Tanker earnings have come under severe pressure in recent months, while further restrictions and lockdowns around the world continue to affect global oil demand, noted Tradeviews analyst Georgia Anastasiou
Asia, by far the largest importer of crude oil, has experienced an almost complete recovery since October, whereas Europe and North America have seen a slower return of volumes.
Comparing 2020 with 2019, Asia had a 5% drop in crude oil, while North America and Europe fell by 26% and 11% respectively. As Europe is now edging back, North America appears to be flatlining.
OPEC is a key factor for the tanker market, with its oil production policy controlling a high portion of the tanker volumes. It is responsible for the production of most of the crude oil traded.
From the beginning of the pandemic, OPEC started oil production cuts. The aim was to prevent a possible oversupply resulting from the demand collapse to stabilise the oil price. Overall, OPEC did manage the new situation, although there were some exceptions during March and particularly April 2020, when more oil was produced.
OPEC’s policy was firm, even throughout periods of up-ticked demand. This containment on the supply side had consequences in the global oil market, where we see the price rising in recent months.
Amid the ongoing pandemic, OPEC’s recent decision was to gradually curb existing output cuts at the beginning of May. The upcoming months are forecast auspiciously, not only due to seasonal demands. Present uncertainty could change the given situation at any moment.
The blockage of the Suez Canal by Ever Given, grounded during March 2021, was indeed an uncertainty. The incident took place during a vulnerable period for tanker shipping and, by extension, for the global economy. For the less informed, it may have been seen as an extremely detrimental incident for the whole shipping industry. On the contrary, the tanker market saw it as a bit of luck in the middle of a storm.

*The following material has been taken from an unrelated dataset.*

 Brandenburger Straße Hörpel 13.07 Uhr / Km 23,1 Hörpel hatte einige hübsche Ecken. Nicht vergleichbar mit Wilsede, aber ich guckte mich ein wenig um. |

The Suez incident was a relief for freight rates. Due to congestion, many vessels were taken out of the market, decreasing the supply side. The result was an increase in freight rates which would have otherwise been short lived.

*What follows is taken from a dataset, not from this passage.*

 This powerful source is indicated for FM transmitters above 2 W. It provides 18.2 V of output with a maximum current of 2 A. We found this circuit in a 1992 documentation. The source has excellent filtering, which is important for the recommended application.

It is beneficial to consider the impact of this incident over time. Now that the canal is operating normally, the area is gradually decongested. Beyond that, the level of fleet capacity engaged in floating storage also continues to ease, exerting further supply-side pressure. Consequently, we can claim that this sudden rejuvenation for the tanker market offered only short-term gains.
For a long time, the tanker market seemed like a pendulum trying to balance. OPEC remains stable in production output, causing a rise in oil prices and discomfort in already low tanker earnings. The tanker market remains depressed with returning demand likely to be tentative as output increases. Every returning wave of the virus continues to suppress any chance of an exuberant comeback. Many were hoping Ever Given would be wedged in for longer. Now we are hoping for a sustained upturn as we head into the northern hemisphere summer.